+++ Supplied material

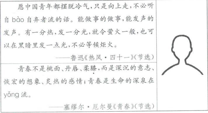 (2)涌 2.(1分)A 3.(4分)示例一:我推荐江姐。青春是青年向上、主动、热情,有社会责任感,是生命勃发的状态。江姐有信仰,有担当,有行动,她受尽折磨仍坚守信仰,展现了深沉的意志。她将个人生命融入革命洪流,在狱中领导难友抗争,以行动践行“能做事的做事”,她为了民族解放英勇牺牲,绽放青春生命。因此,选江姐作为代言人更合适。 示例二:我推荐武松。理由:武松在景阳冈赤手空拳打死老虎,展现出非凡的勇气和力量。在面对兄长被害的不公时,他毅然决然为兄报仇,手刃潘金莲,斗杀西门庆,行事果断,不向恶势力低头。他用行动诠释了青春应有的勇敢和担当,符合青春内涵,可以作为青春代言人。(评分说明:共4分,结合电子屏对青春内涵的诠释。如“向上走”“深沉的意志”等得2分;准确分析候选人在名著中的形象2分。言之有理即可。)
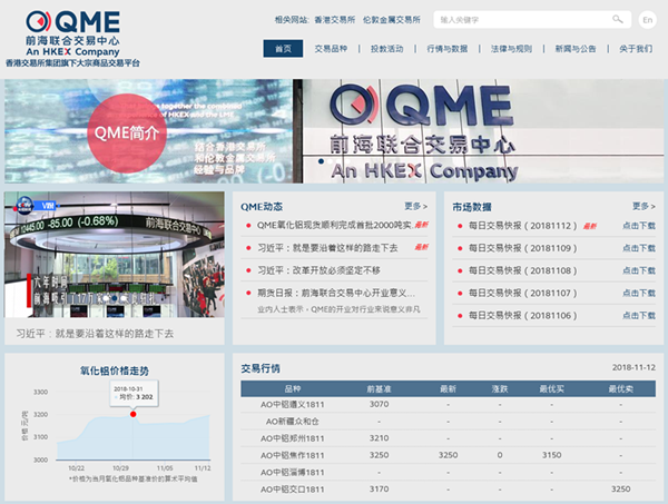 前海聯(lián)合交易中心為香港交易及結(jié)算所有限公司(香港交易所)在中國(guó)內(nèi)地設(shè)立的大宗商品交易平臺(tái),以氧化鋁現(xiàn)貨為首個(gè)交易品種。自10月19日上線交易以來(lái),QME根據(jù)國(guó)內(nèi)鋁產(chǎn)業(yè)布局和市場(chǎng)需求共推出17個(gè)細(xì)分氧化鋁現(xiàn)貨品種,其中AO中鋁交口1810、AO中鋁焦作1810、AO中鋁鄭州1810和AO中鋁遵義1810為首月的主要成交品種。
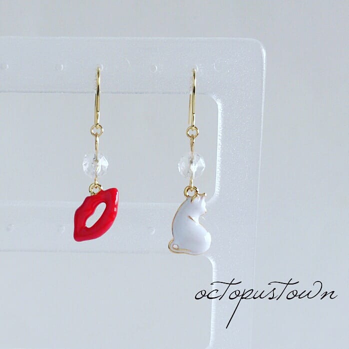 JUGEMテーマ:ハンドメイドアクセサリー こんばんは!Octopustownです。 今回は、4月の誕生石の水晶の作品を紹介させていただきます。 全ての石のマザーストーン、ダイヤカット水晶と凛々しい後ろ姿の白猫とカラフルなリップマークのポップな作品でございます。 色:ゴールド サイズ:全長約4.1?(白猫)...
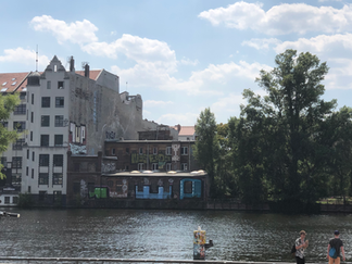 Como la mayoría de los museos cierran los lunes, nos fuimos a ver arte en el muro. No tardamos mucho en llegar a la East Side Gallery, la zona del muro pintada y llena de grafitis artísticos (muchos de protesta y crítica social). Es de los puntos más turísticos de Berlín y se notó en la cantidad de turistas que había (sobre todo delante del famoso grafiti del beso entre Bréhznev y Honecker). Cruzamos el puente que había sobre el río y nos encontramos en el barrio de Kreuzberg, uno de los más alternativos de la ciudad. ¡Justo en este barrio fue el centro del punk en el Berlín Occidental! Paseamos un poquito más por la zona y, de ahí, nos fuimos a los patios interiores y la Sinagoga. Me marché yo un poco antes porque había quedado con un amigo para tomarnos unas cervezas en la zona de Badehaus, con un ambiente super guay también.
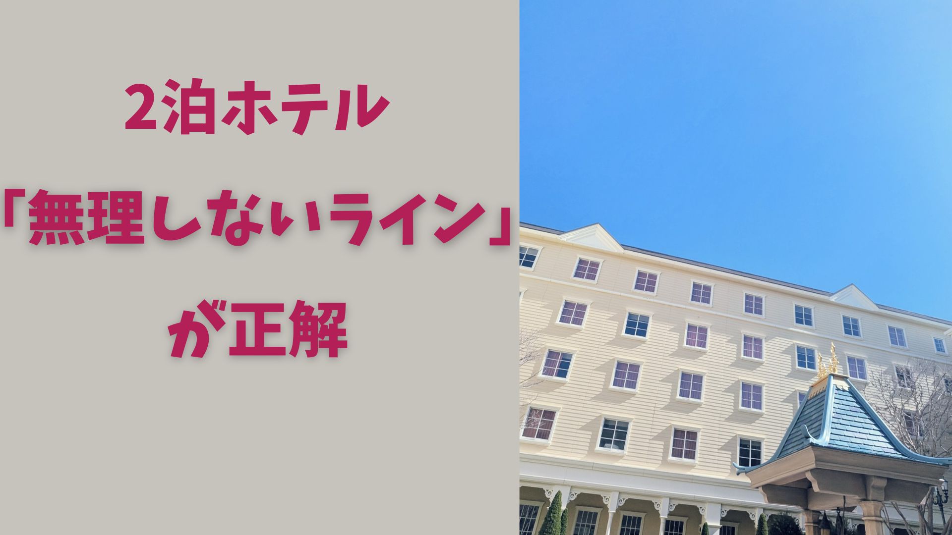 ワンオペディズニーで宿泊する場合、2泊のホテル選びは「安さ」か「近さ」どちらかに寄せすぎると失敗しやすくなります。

++++++
+++ Supplied material

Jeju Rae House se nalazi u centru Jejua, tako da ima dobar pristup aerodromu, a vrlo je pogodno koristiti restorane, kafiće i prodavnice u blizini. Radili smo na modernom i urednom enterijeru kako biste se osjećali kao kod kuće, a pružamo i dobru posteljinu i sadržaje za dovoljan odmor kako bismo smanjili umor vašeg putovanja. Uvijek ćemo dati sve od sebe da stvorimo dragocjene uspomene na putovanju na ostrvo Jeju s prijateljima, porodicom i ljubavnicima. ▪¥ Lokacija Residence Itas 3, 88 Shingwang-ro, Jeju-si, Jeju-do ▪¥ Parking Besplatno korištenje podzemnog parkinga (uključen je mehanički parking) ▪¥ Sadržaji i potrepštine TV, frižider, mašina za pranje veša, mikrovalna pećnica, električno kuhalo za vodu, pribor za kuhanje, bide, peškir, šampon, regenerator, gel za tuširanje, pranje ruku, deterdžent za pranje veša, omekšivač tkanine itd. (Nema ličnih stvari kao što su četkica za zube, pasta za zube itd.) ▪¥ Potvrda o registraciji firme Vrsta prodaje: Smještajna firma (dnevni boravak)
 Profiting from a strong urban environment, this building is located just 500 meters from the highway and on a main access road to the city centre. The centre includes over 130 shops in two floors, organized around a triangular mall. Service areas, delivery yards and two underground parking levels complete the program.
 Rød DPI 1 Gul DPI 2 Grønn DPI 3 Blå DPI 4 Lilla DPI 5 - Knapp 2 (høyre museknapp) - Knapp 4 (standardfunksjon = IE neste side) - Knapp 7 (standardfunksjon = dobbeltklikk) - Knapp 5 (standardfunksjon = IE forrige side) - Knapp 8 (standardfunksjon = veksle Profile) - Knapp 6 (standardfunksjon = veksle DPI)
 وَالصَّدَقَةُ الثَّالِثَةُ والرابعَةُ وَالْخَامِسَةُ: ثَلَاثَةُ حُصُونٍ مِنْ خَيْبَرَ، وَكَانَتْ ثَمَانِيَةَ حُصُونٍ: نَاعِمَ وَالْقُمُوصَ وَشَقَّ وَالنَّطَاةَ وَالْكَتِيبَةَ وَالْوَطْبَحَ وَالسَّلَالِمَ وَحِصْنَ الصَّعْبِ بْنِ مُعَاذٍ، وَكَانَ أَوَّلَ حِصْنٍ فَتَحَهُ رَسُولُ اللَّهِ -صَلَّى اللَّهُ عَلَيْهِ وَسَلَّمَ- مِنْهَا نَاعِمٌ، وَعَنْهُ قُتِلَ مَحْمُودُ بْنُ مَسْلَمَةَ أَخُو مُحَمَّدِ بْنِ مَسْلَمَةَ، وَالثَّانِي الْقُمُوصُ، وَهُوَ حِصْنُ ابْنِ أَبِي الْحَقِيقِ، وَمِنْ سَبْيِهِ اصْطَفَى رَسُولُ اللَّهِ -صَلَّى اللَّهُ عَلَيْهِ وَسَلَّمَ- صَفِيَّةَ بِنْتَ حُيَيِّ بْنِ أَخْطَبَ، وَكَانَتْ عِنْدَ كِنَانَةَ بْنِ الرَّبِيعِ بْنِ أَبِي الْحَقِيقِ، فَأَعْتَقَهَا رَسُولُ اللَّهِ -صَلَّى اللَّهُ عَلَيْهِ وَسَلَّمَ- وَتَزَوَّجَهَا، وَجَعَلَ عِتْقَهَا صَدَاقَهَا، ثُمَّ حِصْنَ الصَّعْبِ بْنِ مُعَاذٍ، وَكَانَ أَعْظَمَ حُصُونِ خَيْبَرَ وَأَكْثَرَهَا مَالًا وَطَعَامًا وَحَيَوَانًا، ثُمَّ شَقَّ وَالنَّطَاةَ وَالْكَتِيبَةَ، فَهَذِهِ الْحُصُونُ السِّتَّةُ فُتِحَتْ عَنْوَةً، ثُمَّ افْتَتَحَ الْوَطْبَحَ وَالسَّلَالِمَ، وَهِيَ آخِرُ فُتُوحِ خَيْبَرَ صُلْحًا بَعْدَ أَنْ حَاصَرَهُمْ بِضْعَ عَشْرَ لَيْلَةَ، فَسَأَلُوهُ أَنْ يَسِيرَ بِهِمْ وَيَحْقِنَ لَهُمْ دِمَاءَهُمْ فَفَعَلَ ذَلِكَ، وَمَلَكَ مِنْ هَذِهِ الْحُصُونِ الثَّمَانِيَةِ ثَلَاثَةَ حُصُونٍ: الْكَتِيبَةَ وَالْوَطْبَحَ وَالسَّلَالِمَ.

++++++

__Exercise goal__. Above are the entries. Copy exactly the part that opens with the line containing "Profiting from a" and closes with the line containing "وَالصَّدَقَةُ الثَّالِثَةُ والرابعَةُ", and no more.

__Task answer__.
 Profiting from a strong urban environment, this building is located just 500 meters from the highway and on a main access road to the city centre. The centre includes over 130 shops in two floors, organized around a triangular mall. Service areas, delivery yards and two underground parking levels complete the program.
 Rød DPI 1 Gul DPI 2 Grønn DPI 3 Blå DPI 4 Lilla DPI 5 - Knapp 2 (høyre museknapp) - Knapp 4 (standardfunksjon = IE neste side) - Knapp 7 (standardfunksjon = dobbeltklikk) - Knapp 5 (standardfunksjon = IE forrige side) - Knapp 8 (standardfunksjon = veksle Profile) - Knapp 6 (standardfunksjon = veksle DPI)
 وَالصَّدَقَةُ الثَّالِثَةُ والرابعَةُ وَالْخَامِسَةُ: ثَلَاثَةُ حُصُونٍ مِنْ خَيْبَرَ، وَكَانَتْ ثَمَانِيَةَ حُصُونٍ: نَاعِمَ وَالْقُمُوصَ وَشَقَّ وَالنَّطَاةَ وَالْكَتِيبَةَ وَالْوَطْبَحَ وَالسَّلَالِمَ وَحِصْنَ الصَّعْبِ بْنِ مُعَاذٍ، وَكَانَ أَوَّلَ حِصْنٍ فَتَحَهُ رَسُولُ اللَّهِ -صَلَّى اللَّهُ عَلَيْهِ وَسَلَّمَ- مِنْهَا نَاعِمٌ، وَعَنْهُ قُتِلَ مَحْمُودُ بْنُ مَسْلَمَةَ أَخُو مُحَمَّدِ بْنِ مَسْلَمَةَ، وَالثَّانِي الْقُمُوصُ، وَهُوَ حِصْنُ ابْنِ أَبِي الْحَقِيقِ، وَمِنْ سَبْيِهِ اصْطَفَى رَسُولُ اللَّهِ -صَلَّى اللَّهُ عَلَيْهِ وَسَلَّمَ- صَفِيَّةَ بِنْتَ حُيَيِّ بْنِ أَخْطَبَ، وَكَانَتْ عِنْدَ كِنَانَةَ بْنِ الرَّبِيعِ بْنِ أَبِي الْحَقِيقِ، فَأَعْتَقَهَا رَسُولُ اللَّهِ -صَلَّى اللَّهُ عَلَيْهِ وَسَلَّمَ- وَتَزَوَّجَهَا، وَجَعَلَ عِتْقَهَا صَدَاقَهَا، ثُمَّ حِصْنَ الصَّعْبِ بْنِ مُعَاذٍ، وَكَانَ أَعْظَمَ حُصُونِ خَيْبَرَ وَأَكْثَرَهَا مَالًا وَطَعَامًا وَحَيَوَانًا، ثُمَّ شَقَّ وَالنَّطَاةَ وَالْكَتِيبَةَ، فَهَذِهِ الْحُصُونُ السِّتَّةُ فُتِحَتْ عَنْوَةً، ثُمَّ افْتَتَحَ الْوَطْبَحَ وَالسَّلَالِمَ، وَهِيَ آخِرُ فُتُوحِ خَيْبَرَ صُلْحًا بَعْدَ أَنْ حَاصَرَهُمْ بِضْعَ عَشْرَ لَيْلَةَ، فَسَأَلُوهُ أَنْ يَسِيرَ بِهِمْ وَيَحْقِنَ لَهُمْ دِمَاءَهُمْ فَفَعَلَ ذَلِكَ، وَمَلَكَ مِنْ هَذِهِ الْحُصُونِ الثَّمَانِيَةِ ثَلَاثَةَ حُصُونٍ: الْكَتِيبَةَ وَالْوَطْبَحَ وَالسَّلَالِمَ.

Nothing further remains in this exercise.